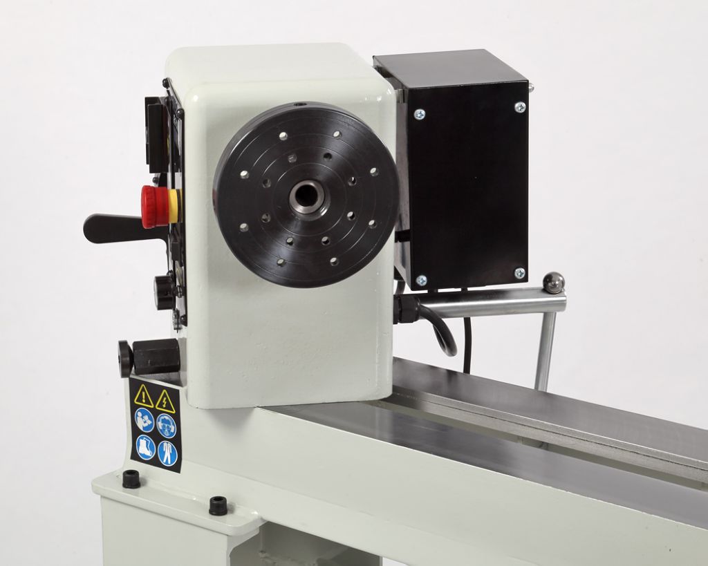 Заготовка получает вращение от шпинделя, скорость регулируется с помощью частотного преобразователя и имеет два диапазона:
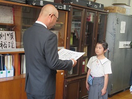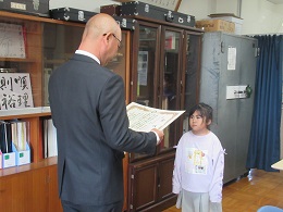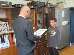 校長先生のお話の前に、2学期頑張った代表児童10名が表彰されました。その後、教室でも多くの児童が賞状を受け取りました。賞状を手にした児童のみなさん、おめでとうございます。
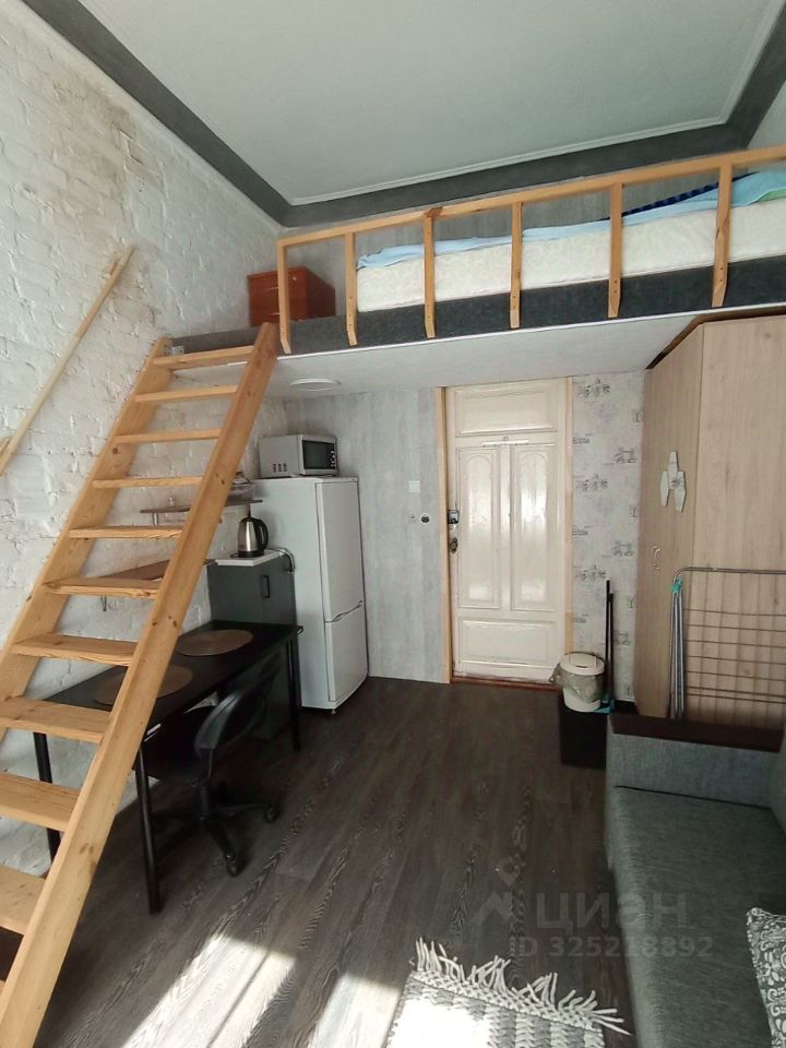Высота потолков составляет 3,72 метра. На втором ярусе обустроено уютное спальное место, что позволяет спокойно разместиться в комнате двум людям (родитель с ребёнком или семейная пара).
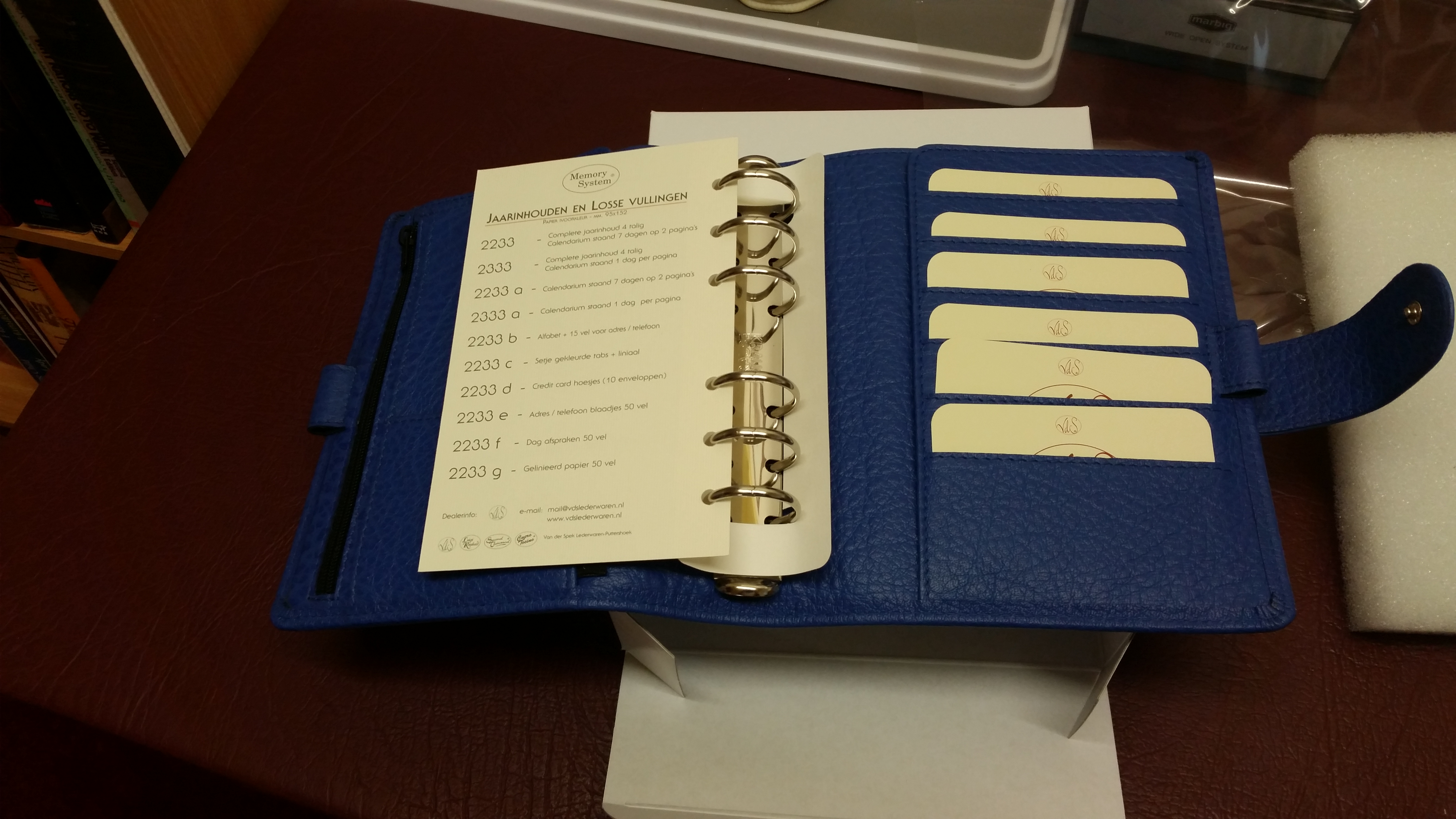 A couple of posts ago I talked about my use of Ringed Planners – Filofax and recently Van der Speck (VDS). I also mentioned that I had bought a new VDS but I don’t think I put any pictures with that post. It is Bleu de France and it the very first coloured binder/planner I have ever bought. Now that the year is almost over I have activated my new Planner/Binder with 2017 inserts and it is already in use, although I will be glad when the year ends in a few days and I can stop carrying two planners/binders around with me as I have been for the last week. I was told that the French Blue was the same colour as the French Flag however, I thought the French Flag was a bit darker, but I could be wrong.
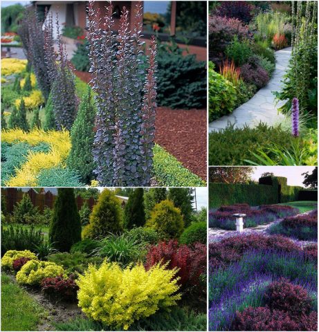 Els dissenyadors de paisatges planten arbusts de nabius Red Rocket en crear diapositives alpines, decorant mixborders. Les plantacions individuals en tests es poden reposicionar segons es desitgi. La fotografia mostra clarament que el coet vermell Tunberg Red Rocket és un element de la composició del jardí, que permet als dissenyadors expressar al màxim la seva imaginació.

---+---

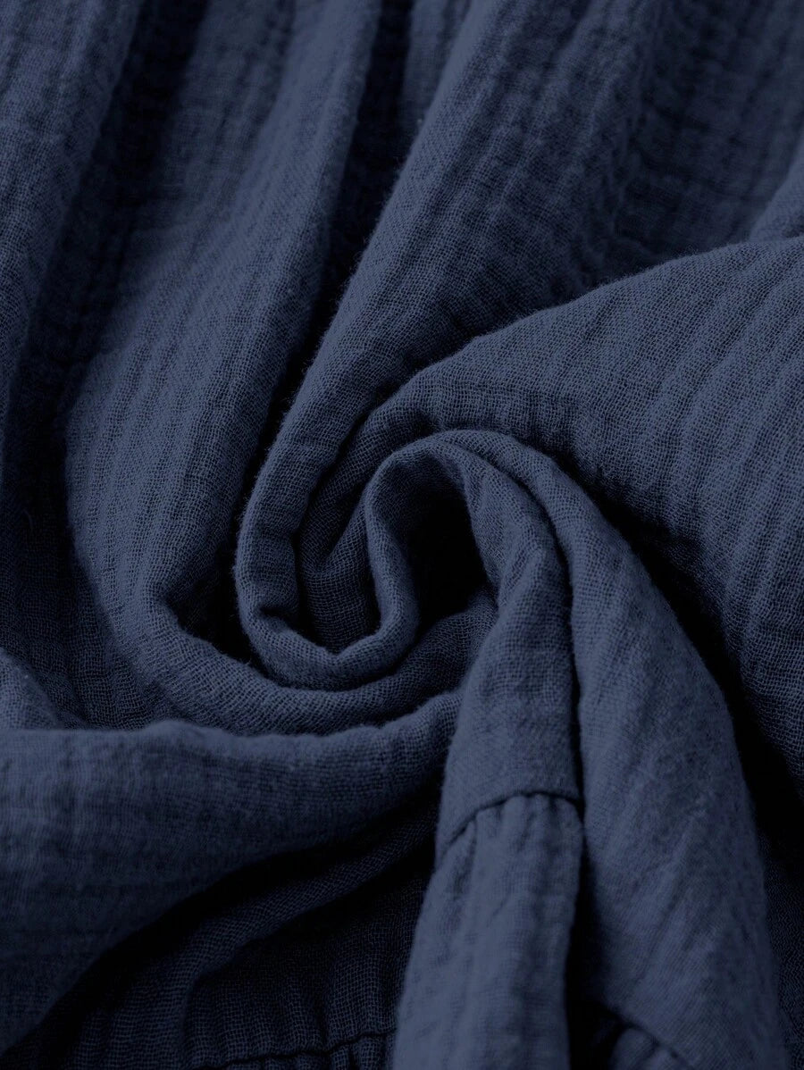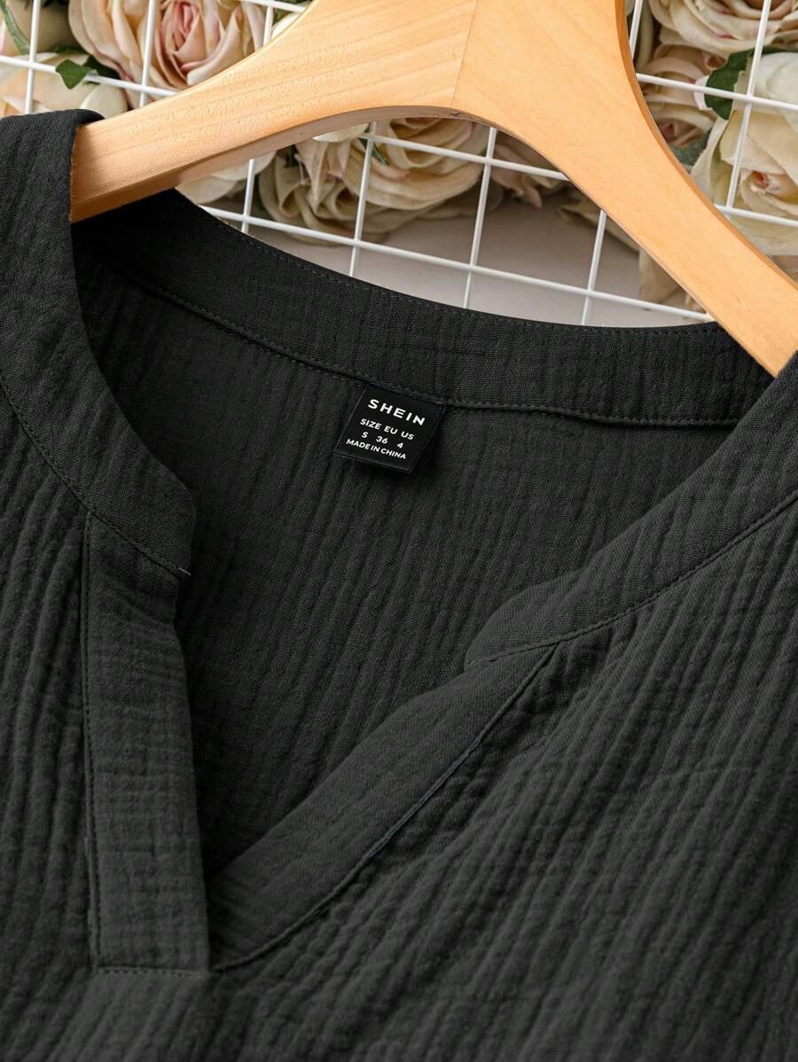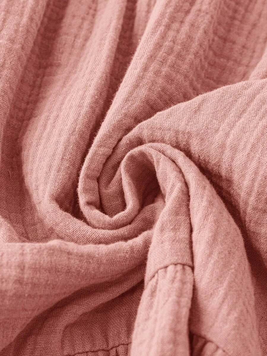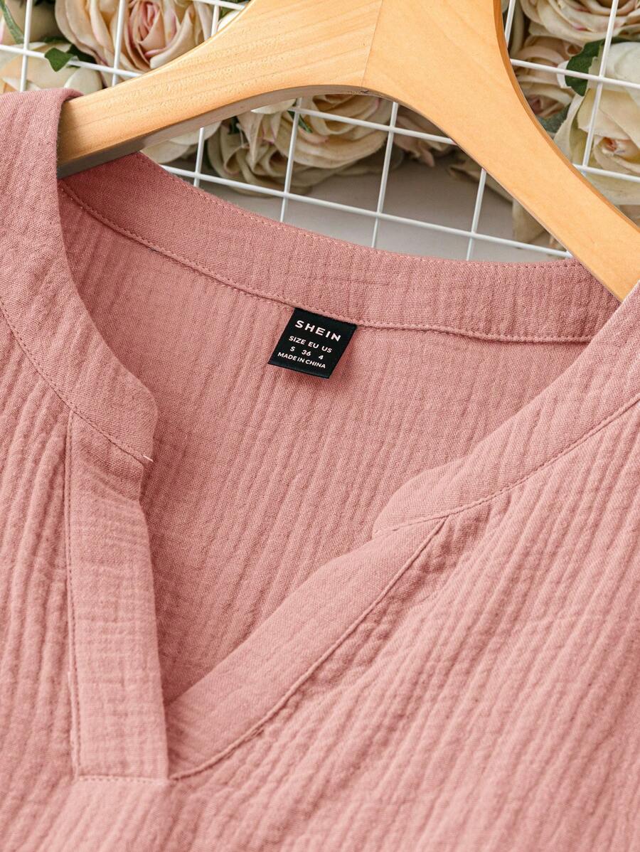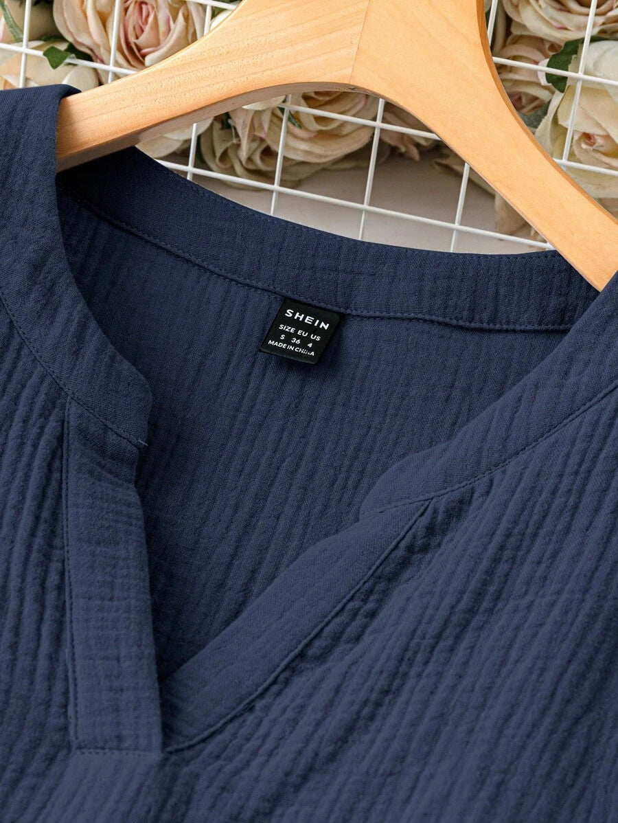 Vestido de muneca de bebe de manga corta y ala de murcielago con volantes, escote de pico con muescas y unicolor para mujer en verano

---+---

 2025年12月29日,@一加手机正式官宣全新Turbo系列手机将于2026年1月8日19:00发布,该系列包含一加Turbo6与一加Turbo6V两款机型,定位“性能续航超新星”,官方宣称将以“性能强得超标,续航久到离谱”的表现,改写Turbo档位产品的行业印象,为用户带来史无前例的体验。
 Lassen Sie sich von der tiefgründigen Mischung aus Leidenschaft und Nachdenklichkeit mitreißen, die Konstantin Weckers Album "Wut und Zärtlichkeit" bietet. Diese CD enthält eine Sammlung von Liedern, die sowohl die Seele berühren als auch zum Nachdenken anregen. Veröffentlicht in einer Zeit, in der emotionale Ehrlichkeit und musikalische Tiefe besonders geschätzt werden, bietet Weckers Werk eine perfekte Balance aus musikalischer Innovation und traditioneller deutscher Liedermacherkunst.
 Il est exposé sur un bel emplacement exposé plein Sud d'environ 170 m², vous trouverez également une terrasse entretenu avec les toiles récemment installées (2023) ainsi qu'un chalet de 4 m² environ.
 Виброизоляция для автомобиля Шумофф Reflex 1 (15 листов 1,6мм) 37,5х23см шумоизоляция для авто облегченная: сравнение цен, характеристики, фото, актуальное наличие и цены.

---+---

Go to the line above holding "校長先生のお話の前に、2学期", then copy exactly each line down to and including the one holding "Высота потолков составляет", leaving pictures out.

 校長先生のお話の前に、2学期頑張った代表児童10名が表彰されました。その後、教室でも多くの児童が賞状を受け取りました。賞状を手にした児童のみなさん、おめでとうございます。
Высота потолков составляет 3,72 метра. На втором ярусе обустроено уютное спальное место, что позволяет спокойно разместиться в комнате двум людям (родитель с ребёнком или семейная пара).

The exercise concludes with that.